I found a lot of missing words. Now, I have 3 questions: 1- why missing_embed is empty while there are some missing words? 2- Is it possible that GoogleNews doesn't have words like "to"? 3- how can I append new embeddings to word2vec model? I used build_vocab and syn0. Thanks.

2
The GoogleNews word2vec model probably excluded 'to' and 'a' due to their insignificance as stopwords. I don't think it's possible to update the model vocab since the model is generated from the C tool per the tutorial found here, but you can give it a shot with model.build_vocab(sentences, update=True).Scratch'N'Purr
you mean that after loading moldel I use model.build_vocab(sentences,update=True)? and now what are the embedding vectors for missing word?Mahsa
Yes, you can try that, but again, I don't think its possible since Google's word2vec model was built with the C toolkit. You won't be able to get any similar embeddings for missing words since the model vocab never had these words to train on.Scratch'N'Purr
Thanks for your comments. But when I use model.build_vocab I get this error: `AttributeError: 'KeyedVectors' object has no attribute 'build_vocab'. How can I use build_vocab?Mahsa
Hmmm try this instead: model = gensim.models.Word2Vec.load_word2vec_format('GoogleNews-vectors-negative33.bin', binary=True). If you manage to get build_vocab to work afterwards, you would still have to do additional training using model.train(sentences)Scratch'N'Purr

2 Answers

2
votes

Here is a scenario where we are adding a missing lower case word.

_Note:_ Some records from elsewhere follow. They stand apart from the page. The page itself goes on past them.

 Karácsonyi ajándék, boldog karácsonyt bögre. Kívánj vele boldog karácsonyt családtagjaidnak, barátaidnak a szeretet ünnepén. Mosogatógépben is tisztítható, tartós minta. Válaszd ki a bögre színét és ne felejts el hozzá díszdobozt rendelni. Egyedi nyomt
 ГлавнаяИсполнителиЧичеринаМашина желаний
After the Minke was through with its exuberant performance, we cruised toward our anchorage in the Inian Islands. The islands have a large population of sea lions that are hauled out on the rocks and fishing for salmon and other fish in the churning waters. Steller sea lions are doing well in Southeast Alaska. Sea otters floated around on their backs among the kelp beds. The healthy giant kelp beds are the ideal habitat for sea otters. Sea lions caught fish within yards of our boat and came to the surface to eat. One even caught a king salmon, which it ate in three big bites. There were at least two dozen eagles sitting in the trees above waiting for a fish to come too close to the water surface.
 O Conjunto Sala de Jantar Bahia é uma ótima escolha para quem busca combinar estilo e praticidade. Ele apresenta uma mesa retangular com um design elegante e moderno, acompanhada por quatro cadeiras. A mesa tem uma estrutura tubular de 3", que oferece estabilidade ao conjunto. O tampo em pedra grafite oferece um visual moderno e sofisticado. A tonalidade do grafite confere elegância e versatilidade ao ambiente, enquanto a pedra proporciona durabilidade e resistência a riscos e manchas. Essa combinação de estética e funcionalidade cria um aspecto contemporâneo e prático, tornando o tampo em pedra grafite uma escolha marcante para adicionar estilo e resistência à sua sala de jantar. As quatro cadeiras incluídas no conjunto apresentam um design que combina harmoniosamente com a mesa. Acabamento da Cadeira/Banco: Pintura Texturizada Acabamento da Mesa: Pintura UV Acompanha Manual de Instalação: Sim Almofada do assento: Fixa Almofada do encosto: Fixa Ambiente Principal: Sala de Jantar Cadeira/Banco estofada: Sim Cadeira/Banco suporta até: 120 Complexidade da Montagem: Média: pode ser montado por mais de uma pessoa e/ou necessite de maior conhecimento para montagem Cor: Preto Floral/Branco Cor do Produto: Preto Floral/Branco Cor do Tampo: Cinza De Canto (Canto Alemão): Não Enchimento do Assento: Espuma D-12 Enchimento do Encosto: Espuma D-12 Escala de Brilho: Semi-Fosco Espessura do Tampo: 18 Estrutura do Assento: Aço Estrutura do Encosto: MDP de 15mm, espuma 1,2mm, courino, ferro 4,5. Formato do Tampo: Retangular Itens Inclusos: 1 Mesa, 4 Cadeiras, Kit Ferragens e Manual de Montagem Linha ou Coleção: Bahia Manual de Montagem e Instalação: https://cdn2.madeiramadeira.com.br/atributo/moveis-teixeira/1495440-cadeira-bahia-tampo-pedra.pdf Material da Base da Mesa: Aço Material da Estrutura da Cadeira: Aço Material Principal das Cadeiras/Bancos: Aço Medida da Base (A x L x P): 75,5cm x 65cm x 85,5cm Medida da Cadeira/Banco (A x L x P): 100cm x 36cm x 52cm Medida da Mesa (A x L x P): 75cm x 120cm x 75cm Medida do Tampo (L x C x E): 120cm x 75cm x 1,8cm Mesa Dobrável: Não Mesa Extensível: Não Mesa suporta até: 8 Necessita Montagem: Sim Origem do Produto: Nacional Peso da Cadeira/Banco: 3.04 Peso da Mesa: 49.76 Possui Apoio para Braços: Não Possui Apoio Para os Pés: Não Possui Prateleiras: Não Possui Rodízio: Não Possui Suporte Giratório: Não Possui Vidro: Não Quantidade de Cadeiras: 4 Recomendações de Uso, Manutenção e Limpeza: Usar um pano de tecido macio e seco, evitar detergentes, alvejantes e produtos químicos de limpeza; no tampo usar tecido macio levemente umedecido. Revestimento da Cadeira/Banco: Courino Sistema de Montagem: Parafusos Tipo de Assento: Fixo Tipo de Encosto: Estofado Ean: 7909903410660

from gensim.models import KeyedVectors
path = '../input/embeddings/GoogleNews-vectors-negative300/GoogleNews-vectors-negative300.bin'
embedding = KeyedVectors.load_word2vec_format(path, binary=True)

'Quoran' in embedding.vocab
 Output : True

'quoran' in embedding.vocab
 Output : False

Here Quoran is present but quoran in lower case is missing

# add quoran in lower case
embedding.add('quoran',embedding.get_vector('Quoran'),replace=False)

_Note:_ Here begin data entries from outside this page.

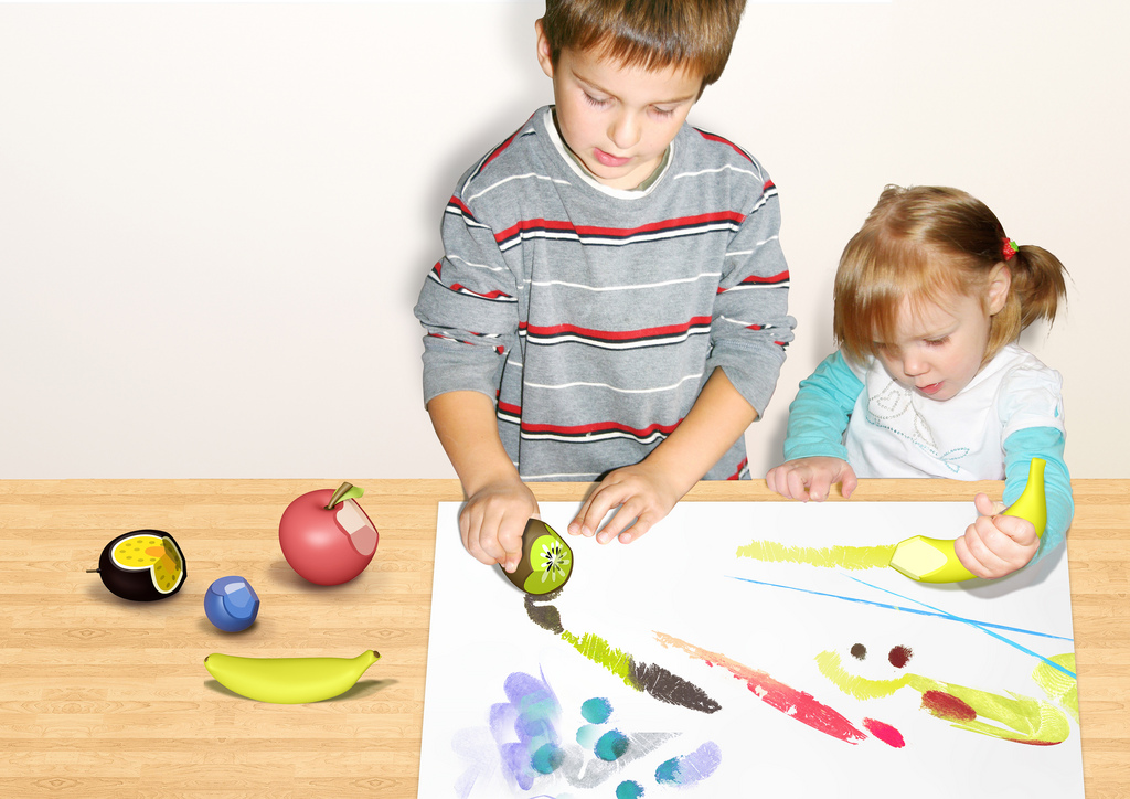 Estas no son la crayolas tradicionales. Estas son bellas frutas que no tienen una punta regular por lo que ayudan a los chicos a estimular el movimiento de los dedos y al llegar al interior de las frutas descubrirán los colores del interior. Su creador es Cheng-Tsung Feng.
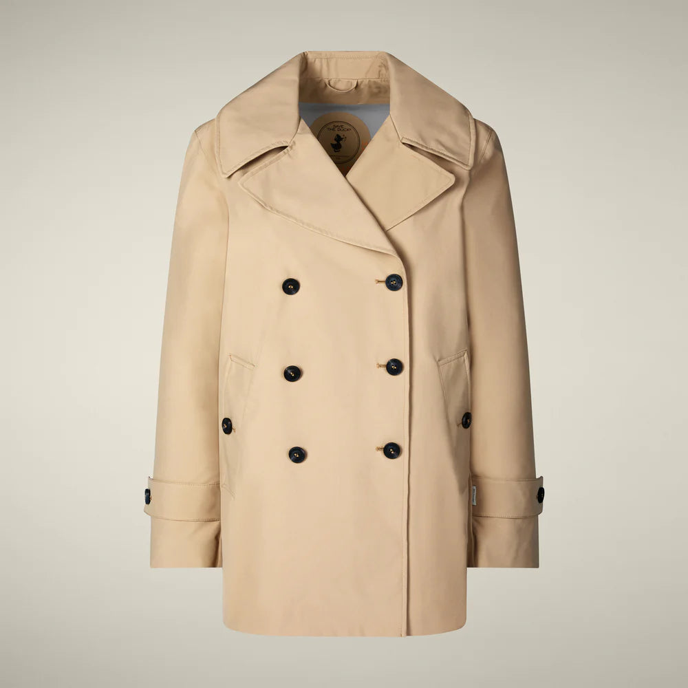 The Sofi model women’s rain jacket offers a fresh take on the classic peacoat, featuring a broad lapel. Light enough for warm-weather wear and easy to layer when the forecast turns colder, it’s made from a matte technical fabric with taped seams for added weather protection. The double-breasted front and adjustable wrist straps elevate the silhouette, while custom rubberized black buttons and a raised logo on the left sleeve add a distinctive Save The Duck touch.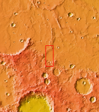 The THEMIS camera contains 5 filters. The data from different filters can be combined in multiple ways to create a false color image. These false color images may reveal subtle variations of the surface not easily identified in a single band image. Today's false color image shows part of Syrtis Major Planum, including several wind streaks.

'quoran' in embedding.vocab
 Output : True
1
votes

It's possible Google removed common filler words like 'to' and 'a'. If the file seems otherwise uncorrupt, and checking other words after load() shows that they are present, it'd be reasonable to assume Google discarded the overly-common words as having such diffuse meaning as to be of low-value.

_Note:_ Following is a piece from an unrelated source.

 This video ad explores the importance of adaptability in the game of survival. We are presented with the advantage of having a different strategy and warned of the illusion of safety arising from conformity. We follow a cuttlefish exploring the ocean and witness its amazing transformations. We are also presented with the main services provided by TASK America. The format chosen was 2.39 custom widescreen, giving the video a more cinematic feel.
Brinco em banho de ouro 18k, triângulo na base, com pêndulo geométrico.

It's unclear and muddled what you're trying to do. You assign to word_to_idx twice - so only the second line matters.

(The first assignment, creating a dict where all words have a 0 value, has no lingering effect after the 2nd line creates an all-new dict, with only entries where w in model.wv.vocab. The only possible entry with a 0 after this step would be whatever word in the word-vectors set was already in position 0 – if and only if that word was also in your corpus_words.)

You seem to want to build new vectors for unknown words based on an average of similar words. However, the most_similar() only works for known-words. It will error if tried on a completely unknown word. So that approach can't work.

And a deeper problem is the gensim KeyedVectors class doesn't have support for dynamically adding new word->vector entries. You would have to dig into its source code and, to add one or a batch of new vectors, modify a bunch of its internal properties (including its vectors array, vocab dict, and index2entity list) in a self-consistent manner to have new entries.